DigiCo’s data centre dream is fading as investors dump stock

DigiCo Lists on the ASX

DigiCo was to be a flagship float for David Di Pilla’s HMC Capital but has failed to win investor support. Picture: John Feder

The data centre float that sent David Di Pilla’s HMC Capital empire into a tailspin when it flopped last December is showing few signs of recovery with investors dumping its shares after an uncertain maiden result.

The funds manager’s ambitious launch of the DigiCo Infrastructure REIT came as the hype around data centres peaked but it has since cooled as some major users pull back from leasing and China’s DeepSeek sent a shockwave through markets

The trust, which raised funds at $5, took a hit on Monday as its shares dropped to a low of $2.74 – a drop of 14 per cent – before settling around $2.77 in afternoon trade.

Despite HMC’s much vaunted deal making prowess it has been unable to arrest the slide in DigiCo as investors have dumped the stock.

HMC had tapped Chris Maher as chief executive as it looks to win back market support after the slump. Former CEO Damon Reid will become chief operating officer to focus on running the local portfolio, where the company is expanding its main data centre in Ultimo.

The trust is banking on this Sydney data centre, known as SYD1, which was granted ‘Certified Strategic’ data centre status under the Australian Government Hosting Certification Framework getting new work.

While DigiCo now assembled a national footprint of HCF-certified sites across both NSW and Queensland and a project underway at SYD1 will see 9MW of liquid cooled capacity delivered in the fourth quarter, investors wanted more certain earnings guidance for this financial year.

The trust reported fiscal 2025 annualised underlying EBITDA of $99m, which it said was ahead of prospectus guidance and a fiscal 2025 distribution per security of 10.9c in line with guidance. It said it was well positioned as it had $740m of available liquidity, giving it the firepower to keep rolling out the data centres.

HMC believes in Australia it is well positioned to lock in demand for data centre capacity and DigiCo is targeting to have Contracted IT Capacity of 27MW by June 2026 – a huge 30 per cent growth from June this year.

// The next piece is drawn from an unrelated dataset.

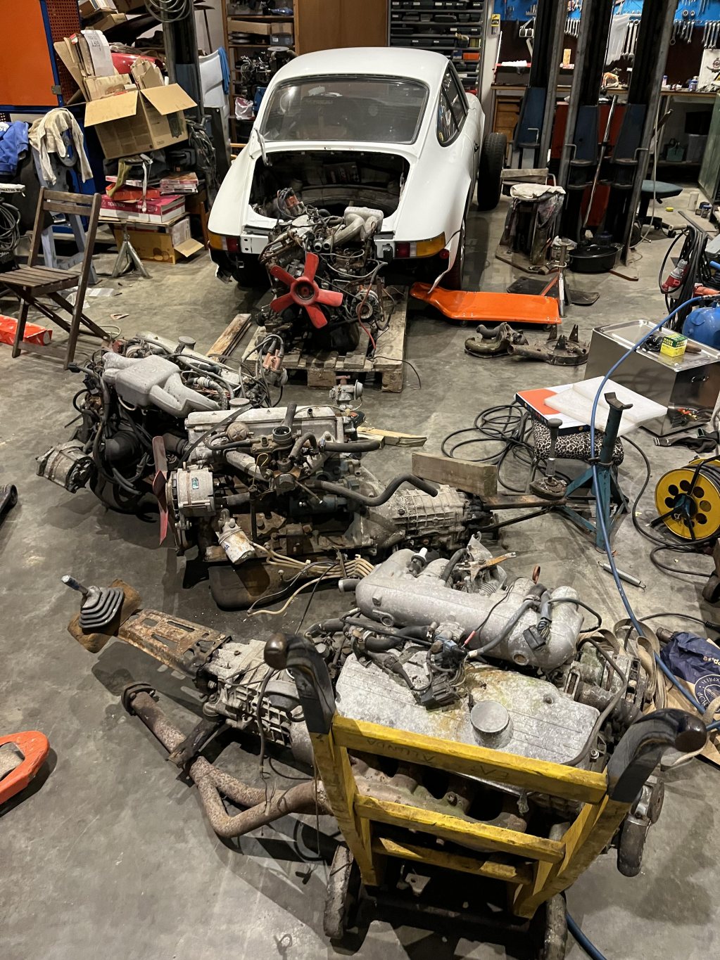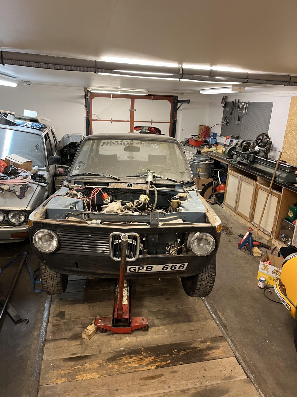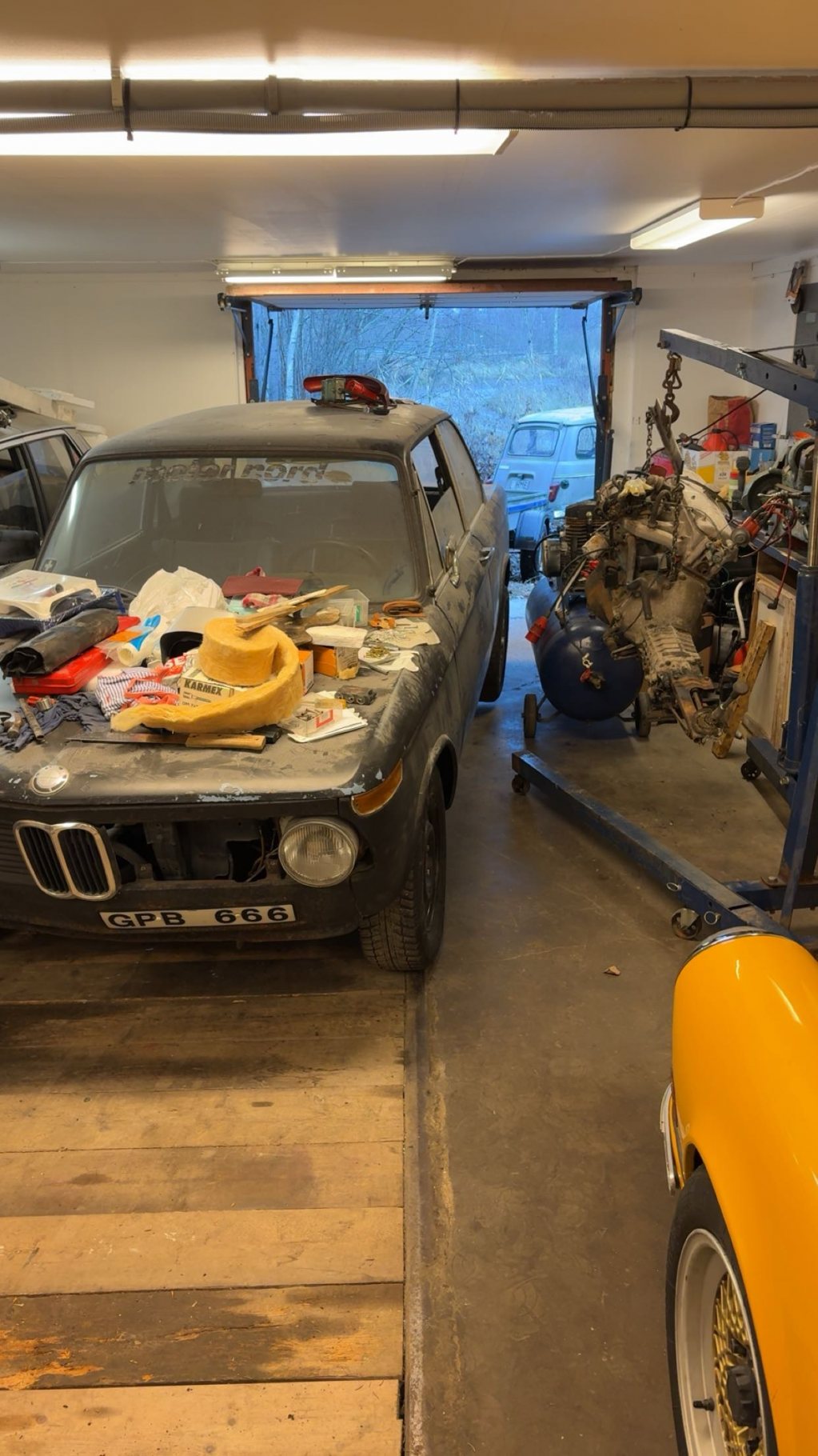 Hängt här sedan 19 Mar 2003så det känns som läge att starta en liten tråd. Intresset för bilar har alltid varit hög prioriterat i mitt liv. Inte tvätta, vaxa, stereo och extraljus, utan mer rensa, lätta, turbomata. För att sedan tävla i slalom. Det började med BMW-02 från körkort 10-15år tills första 911an 2003 efter det så blev Porsche i fokus. Nu på senare år så har även gamla Renaulter blivit kul. Jag är en samlare så de flesta av bilarna jag gillar eller gillat är kvar. Så istället ör att handla på blocket eller dylikt så har jag tittat runt i mina förråd och gömmor för ett snabbygge. En 02a som gått med turbo för tiotalet år sedan blev kandidaten då den har många bra delar redan monterat. Den blev ståendes efter att jag skjutit toppackningen och troligen ett ringland. Plockade in sex M10 motorer som förvarats på pall utomhus under pressening alldeles för många år. In med dem i värmen och utvärdera lämplig kandidat. Alla motorer gick runt men bara en var förgasarmotor med -02 tråg Lite snabbfix med brytartändningen så fanns det gnista några dropppar bensin i fugger så rappade den igång på garagegolvet

The trust’s US business is also set to benefit from a contracted rental ramp up, which is expected to generate incremental $40m of EBITDA in fiscal 2026.

But investors in the usually more certain world of real estate investment trusts were rattled by the lack of a specific forecast.

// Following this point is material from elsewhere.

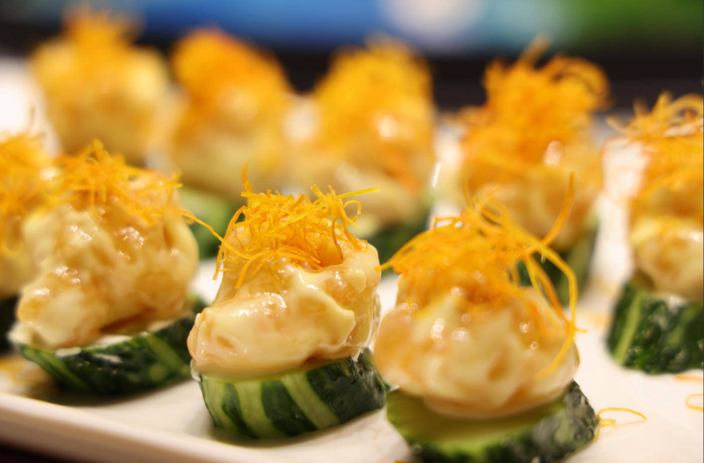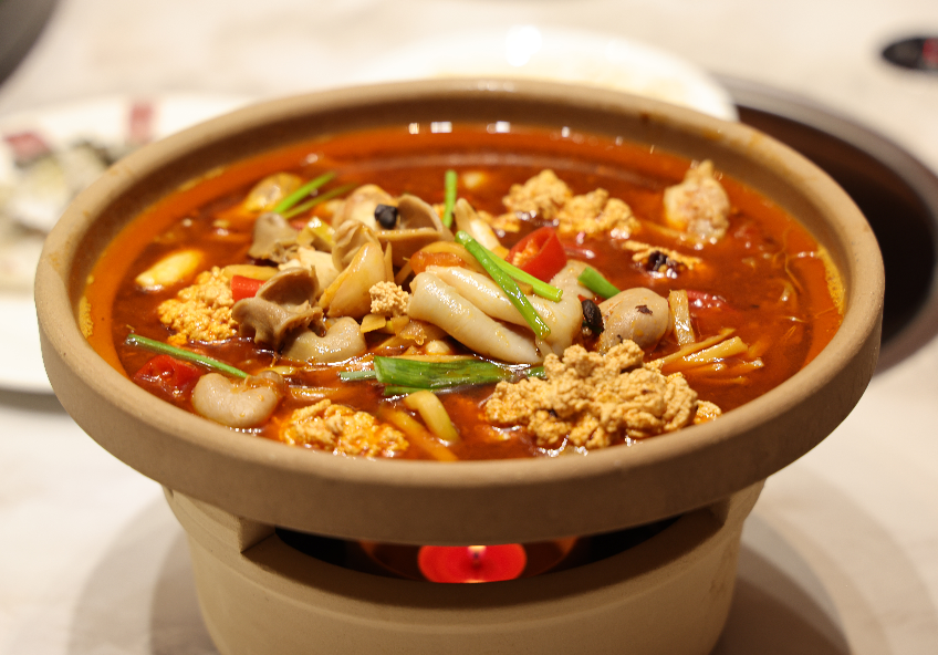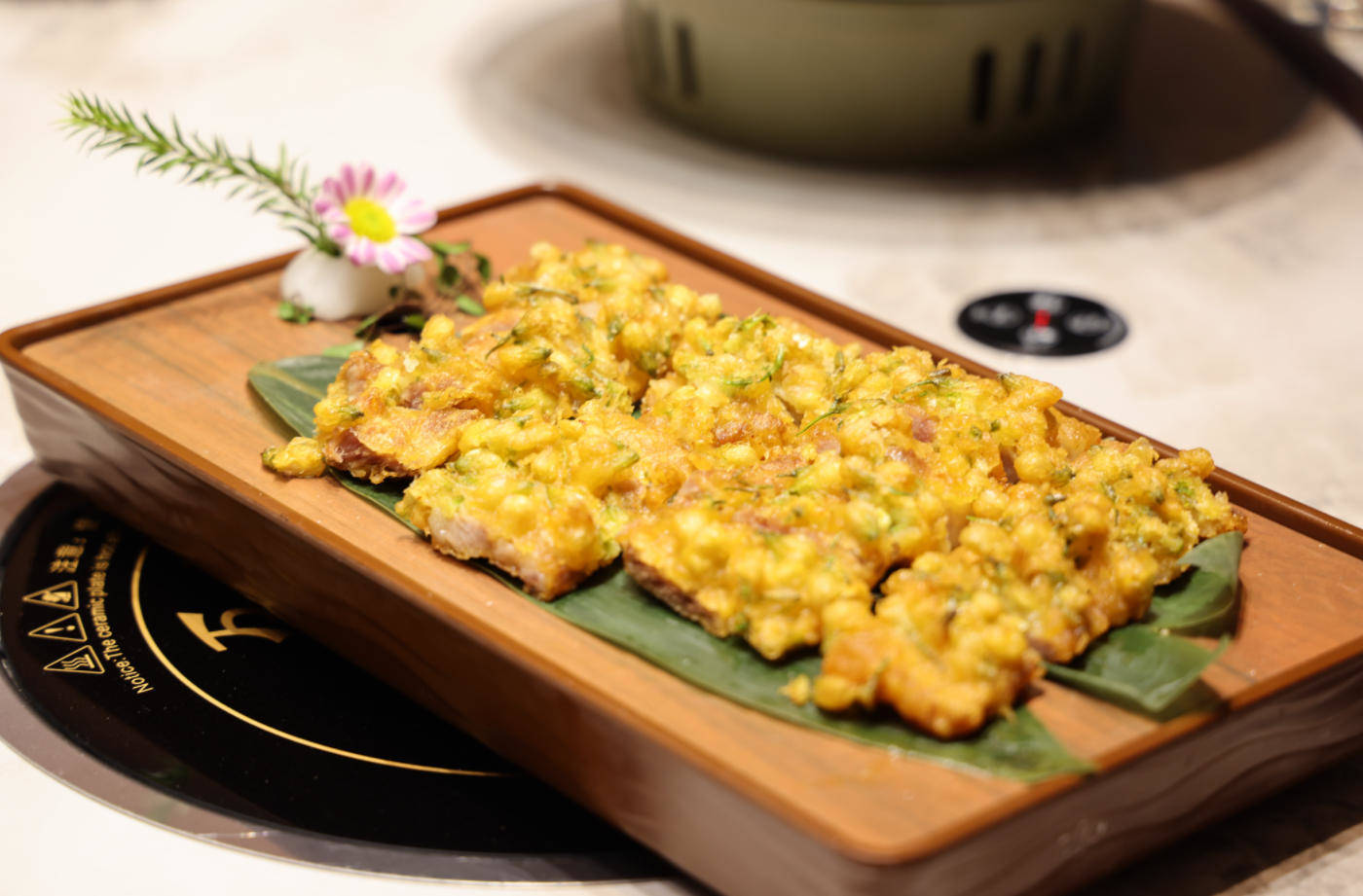新店开业当天,除了招牌鱼生,余师傅还推出了多款融合桂味的特色菜品。茉莉花蒸陶圩水晶鸡刚端上桌,淡淡的茉莉花香就先一步钻进鼻腔,鸡肉滑嫩不柴;茉莉花香酥肉外酥里嫩,咬开后花香与肉香交织,堪称味觉惊喜。奇香窝蛋肥牛、脆皮芥末明虾球等创新菜品备受年轻食客青睐,而香煎横州大棕、全州醋血鸭、老友风味鱼杂等经典桂味,则让不少食客吃出了家乡的味道。

DigiCo said fiscal EBITDA growth will ultimately depend on the timing of new contract commencements, renewals and remixing of existing capacity in the Australian business. Distributions in fiscal 2026 are expected to be 90–100 per cent payout of Funds From Operations.

David Di Pilla

The DigiCo REIT flop ha shown little signs of recovery. Picture: Jane Dempster

Growth capex in fiscal 2026 expected to be in the range of $100 –$120m primarily driven by the Sydney expansion and the trust indicated it was keen to bring capital backers into the site.

E&P analyst Paul Mason said DigiCo’s results were a slight miss but not far off expectations, and overall in line with prospectus forecasts. But he said they were complicated by the company’s guidance approach which has decided not to provide an actual range. “Given comparable companies all have no issues providing a range, we expect the stock will see some pressure,” he said.

The data centre business locally was affected by the Australian Defence Force shifting out of the Sydney facility. Mr Mason said the lack of a firm guidance range for the local business probably made a number of things awkward overall. However, SYD1 is now able to sell to the government right away, which is probably faster and better than expected.

“The market didn’t like the tone and definitely didn’t like the approach to disclosure around the Australian business. We would guess that the stock will remain under pressure until the company can deliver a positive catalyst from here,” Mr Mason said.

Analysts believe that more customers have shifted out of the Australian complex. But the company said that its modified expansion program would be able to handle larger deployments and it had interest from government customers looking to return to the site since it won HCF status.

DigiCo expects a planned centre in Los Angeles could get council approval by the end of the year, and construction starting next year.

The trust announced its fiscal 2025 result with FFO per share of 8.8c which below market consensus at an estimated 7 per cent miss, with Bell Potter noting it had not provided guidance for this financial year.

Bell Potter analyst Andy MacFarlane said DigiCo’s maiden result was always likely to be “messy’” as no guidance was established at IPO for earnings. “The outlook for fiscal 2026 could have some book-ended outcomes given the timing to secure tenants and contracted capacity against the timing of billing as well as any further churn for SYD1 or iSeek assets,” he wrote.